- _Exercise data_

'''

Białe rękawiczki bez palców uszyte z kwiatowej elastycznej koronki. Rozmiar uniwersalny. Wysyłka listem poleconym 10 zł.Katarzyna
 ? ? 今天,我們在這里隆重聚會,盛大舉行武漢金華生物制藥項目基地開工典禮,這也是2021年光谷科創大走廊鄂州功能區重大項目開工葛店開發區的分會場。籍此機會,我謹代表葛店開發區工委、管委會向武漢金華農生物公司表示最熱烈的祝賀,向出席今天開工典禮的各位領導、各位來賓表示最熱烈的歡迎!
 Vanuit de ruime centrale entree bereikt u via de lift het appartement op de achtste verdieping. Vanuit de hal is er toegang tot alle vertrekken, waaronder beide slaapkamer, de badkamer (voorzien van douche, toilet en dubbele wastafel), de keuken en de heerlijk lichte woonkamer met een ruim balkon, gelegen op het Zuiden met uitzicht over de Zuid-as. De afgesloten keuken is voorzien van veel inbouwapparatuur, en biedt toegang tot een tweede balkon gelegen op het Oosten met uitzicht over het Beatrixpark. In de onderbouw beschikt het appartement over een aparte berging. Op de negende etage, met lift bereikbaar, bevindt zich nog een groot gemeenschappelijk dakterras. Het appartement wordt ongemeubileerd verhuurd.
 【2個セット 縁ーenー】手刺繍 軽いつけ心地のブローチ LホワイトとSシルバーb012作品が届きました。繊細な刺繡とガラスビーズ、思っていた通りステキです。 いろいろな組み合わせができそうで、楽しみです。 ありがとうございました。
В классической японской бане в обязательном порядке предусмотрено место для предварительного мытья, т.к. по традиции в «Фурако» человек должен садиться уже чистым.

'''
'''

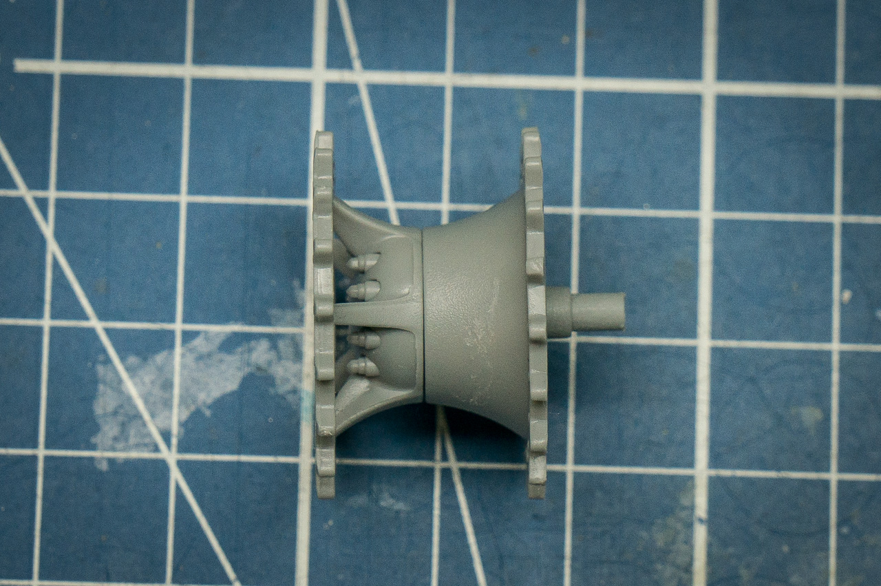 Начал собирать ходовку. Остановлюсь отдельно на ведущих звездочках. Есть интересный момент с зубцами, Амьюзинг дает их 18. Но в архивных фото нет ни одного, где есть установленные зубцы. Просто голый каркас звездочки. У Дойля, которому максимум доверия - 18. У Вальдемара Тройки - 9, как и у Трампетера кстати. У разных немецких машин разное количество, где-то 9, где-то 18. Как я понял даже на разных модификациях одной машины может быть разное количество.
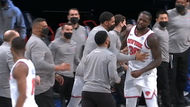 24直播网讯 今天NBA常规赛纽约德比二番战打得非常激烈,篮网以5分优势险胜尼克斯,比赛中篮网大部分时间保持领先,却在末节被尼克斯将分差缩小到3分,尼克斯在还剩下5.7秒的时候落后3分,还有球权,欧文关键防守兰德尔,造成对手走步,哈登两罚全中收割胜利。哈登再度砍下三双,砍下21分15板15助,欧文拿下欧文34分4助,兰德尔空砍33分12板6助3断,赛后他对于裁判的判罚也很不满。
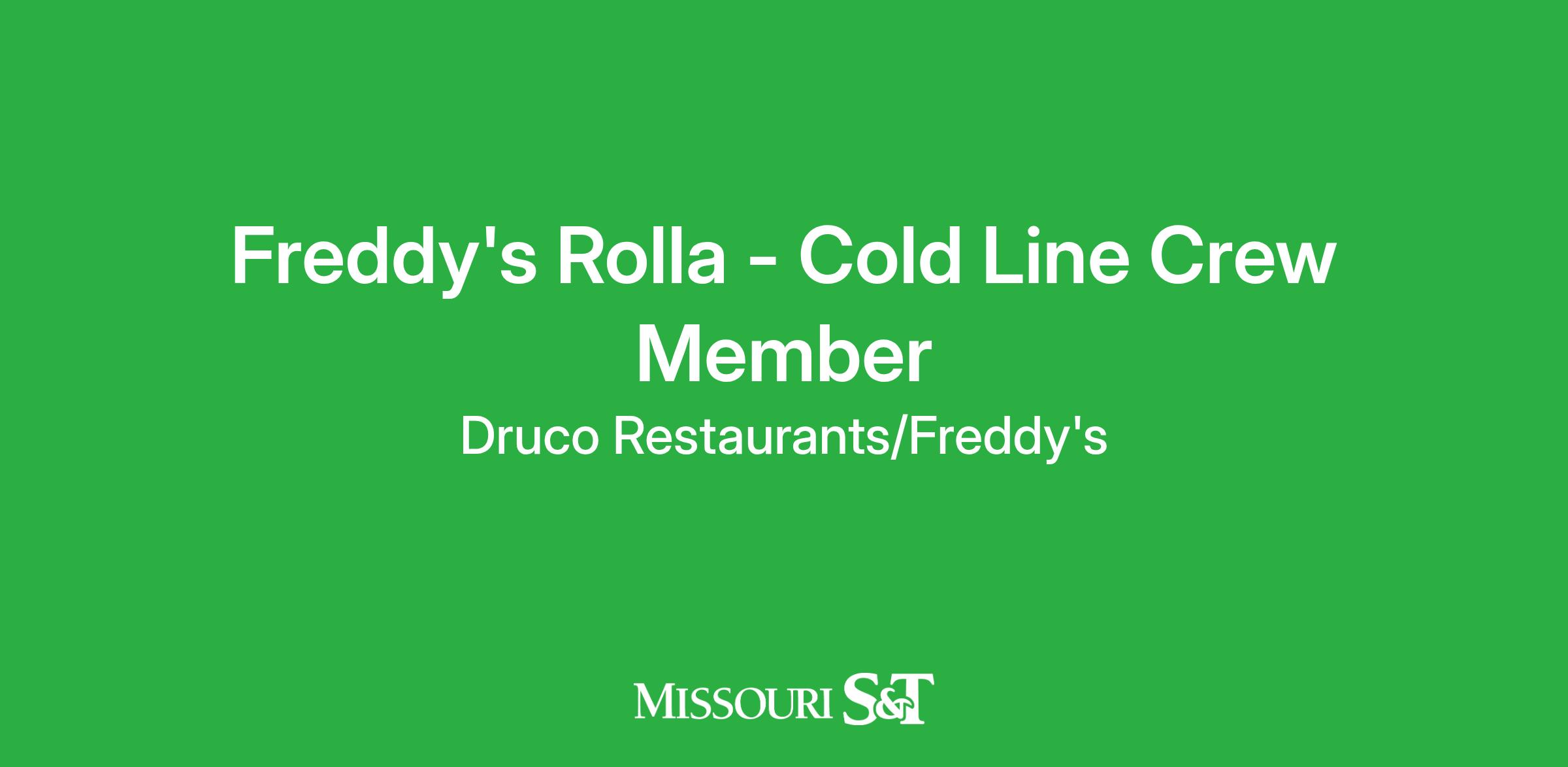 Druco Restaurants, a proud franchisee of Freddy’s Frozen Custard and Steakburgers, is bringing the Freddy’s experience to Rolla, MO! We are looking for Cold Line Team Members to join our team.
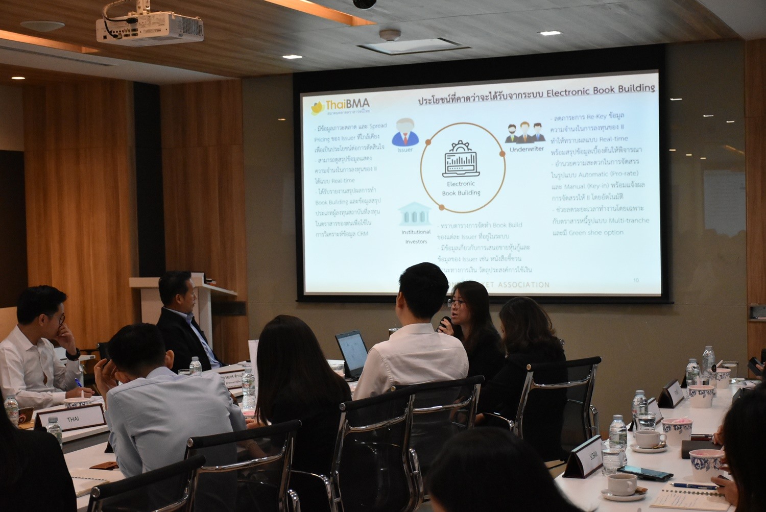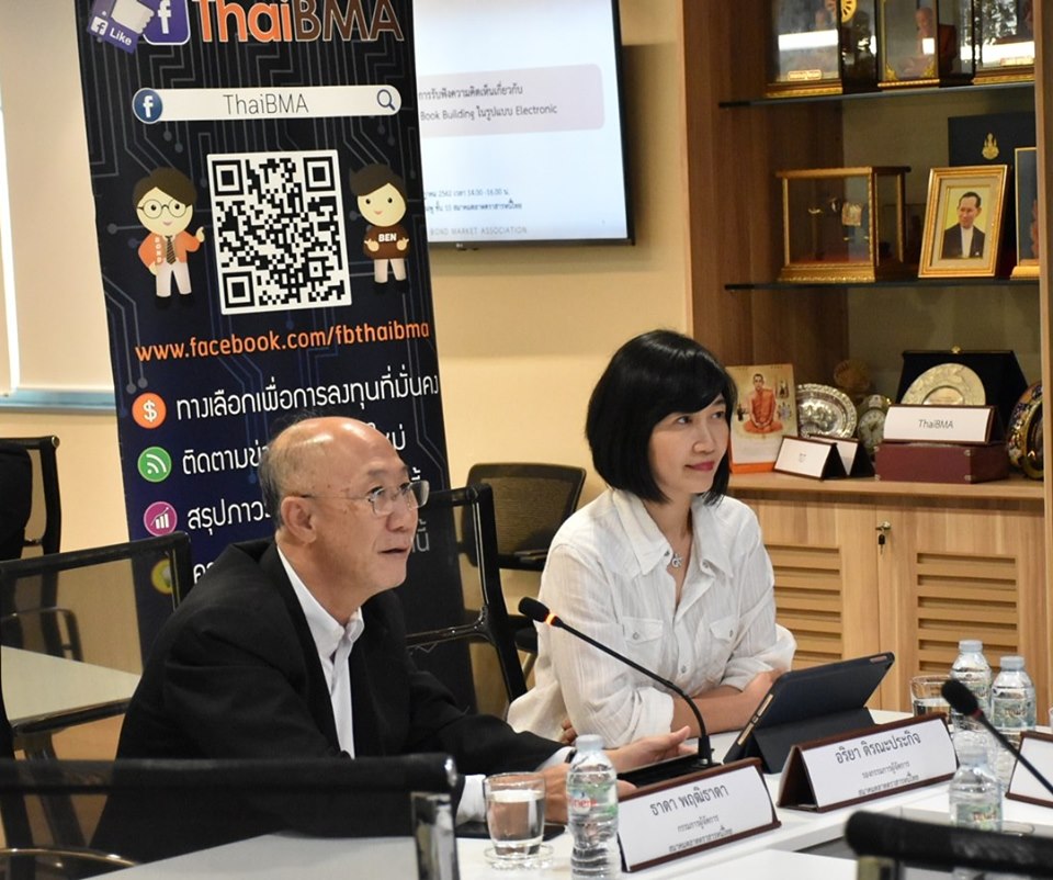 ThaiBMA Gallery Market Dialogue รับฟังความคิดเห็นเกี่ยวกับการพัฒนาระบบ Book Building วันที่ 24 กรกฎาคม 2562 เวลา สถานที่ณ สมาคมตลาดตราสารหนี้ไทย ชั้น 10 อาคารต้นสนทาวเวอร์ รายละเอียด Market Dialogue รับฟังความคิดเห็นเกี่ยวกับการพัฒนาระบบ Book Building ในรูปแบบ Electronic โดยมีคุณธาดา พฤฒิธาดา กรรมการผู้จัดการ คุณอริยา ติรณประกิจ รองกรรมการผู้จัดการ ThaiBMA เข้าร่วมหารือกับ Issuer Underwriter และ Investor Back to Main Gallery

'''

- _What you are asked to do_
After locating the line containing "24直播网讯 今天NBA常规" in the entries above, return it and every line after it exactly, ending at the line containing "ThaiBMA Gallery Market", without pictures.

- _Response below_
 24直播网讯 今天NBA常规赛纽约德比二番战打得非常激烈,篮网以5分优势险胜尼克斯,比赛中篮网大部分时间保持领先,却在末节被尼克斯将分差缩小到3分,尼克斯在还剩下5.7秒的时候落后3分,还有球权,欧文关键防守兰德尔,造成对手走步,哈登两罚全中收割胜利。哈登再度砍下三双,砍下21分15板15助,欧文拿下欧文34分4助,兰德尔空砍33分12板6助3断,赛后他对于裁判的判罚也很不满。
 Druco Restaurants, a proud franchisee of Freddy’s Frozen Custard and Steakburgers, is bringing the Freddy’s experience to Rolla, MO! We are looking for Cold Line Team Members to join our team.
 ThaiBMA Gallery Market Dialogue รับฟังความคิดเห็นเกี่ยวกับการพัฒนาระบบ Book Building วันที่ 24 กรกฎาคม 2562 เวลา สถานที่ณ สมาคมตลาดตราสารหนี้ไทย ชั้น 10 อาคารต้นสนทาวเวอร์ รายละเอียด Market Dialogue รับฟังความคิดเห็นเกี่ยวกับการพัฒนาระบบ Book Building ในรูปแบบ Electronic โดยมีคุณธาดา พฤฒิธาดา กรรมการผู้จัดการ คุณอริยา ติรณประกิจ รองกรรมการผู้จัดการ ThaiBMA เข้าร่วมหารือกับ Issuer Underwriter และ Investor Back to Main Gallery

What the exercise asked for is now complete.